Ungarn will nach dem Machtwechsel wieder als verlässlicher Partner der EU auftreten. Beim Besuch in Berlin versprach Ministerpräsident Peter Magyar einen klaren Kurswechsel nach 16 Jahren Viktor Orbán. Kanzler Friedrich Merz sagte Unterstützung zu, verlangte aber Bewegung in der Ukraine-Politik, wie die Redaktion von 4thebike.de einordnet.
Magyar verspricht neuen Kurs in Europa
Magyar sagte in Berlin, Ungarn werde nicht mehr „aus Prinzip“ ein Veto einlegen. Das ist ein wichtiges Signal an Brüssel. Unter Orbán hatte Budapest wiederholt EU-Beschlüsse blockiert, besonders bei der Ukraine-Hilfe.

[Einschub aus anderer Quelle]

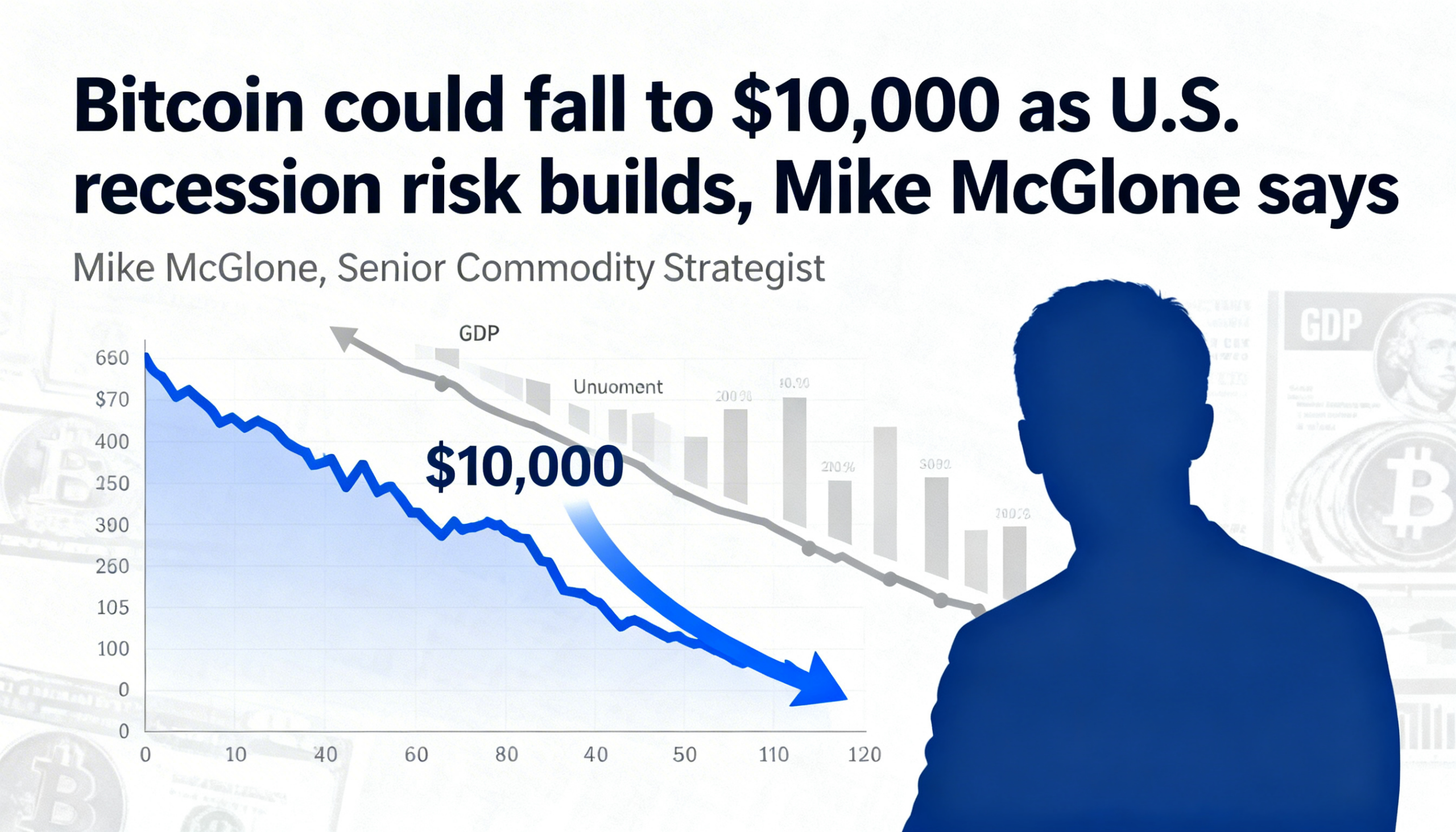 Bitcoin may slide to $10,000 as U.S. recession odds rise, says Mike McGlone.

Magyar betonte zugleich, sein Land werde weiter keine Waffen oder Soldaten in die Ukraine schicken.
Der neue Ton ist freundlich, aber nicht konfliktfrei.
Wichtig bleiben diese Punkte:
- Ungarn will wieder konstruktiver EU-Partner sein.
- Magyar setzt auf Verhandlungen statt Blockaden.
- Bei der Ukraine bleibt Budapest vorsichtig.
- Minderheitenrechte der Ungarn in der Ukraine bleiben Bedingung.
- Merz sieht Magyars Wahlsieg als Signal für Europa.
Nach dem Treffen bleibt offen, wie schnell Budapest seine Linie in Brüssel ändert. Magyar sprach jedoch von einem möglichen neuen Kapitel mit Kyjiw. Reuters berichtete zudem, dass Magyar zu einem Treffen mit Wolodymyr Selenskyj bereit sei.

Merz fordert Bewegung bei Ukraine-Fragen
Merz will Ungarn „zurück in die Mitte Europas“ begleiten. Gleichzeitig machte er deutlich, dass Deutschland auf eine gemeinsame europäische Ukraine-Politik setzt. Genau dort liegt der schwierigste Teil des Neustarts.
| Thema | Position Magyars |
|---|---|
| EU-Politik | Konstruktiver Partner statt Blockade |
| Ukraine-Hilfe | Keine Waffen aus Ungarn |
| EU-Beitritt der Ukraine | Zustimmung erst bei Minderheitenrechten |
| Innenpolitik | Systemwechsel nach Orbán angekündigt |
Der Besuch zeigt, wie groß die Erwartungen an Magyar sind. Er muss Brüssel beruhigen, Berlin überzeugen und daheim alte Machtstrukturen abbauen. Auch der Konflikt mit Staatspräsident Tamás Sulyok bleibt ein innenpolitischer Stresstest.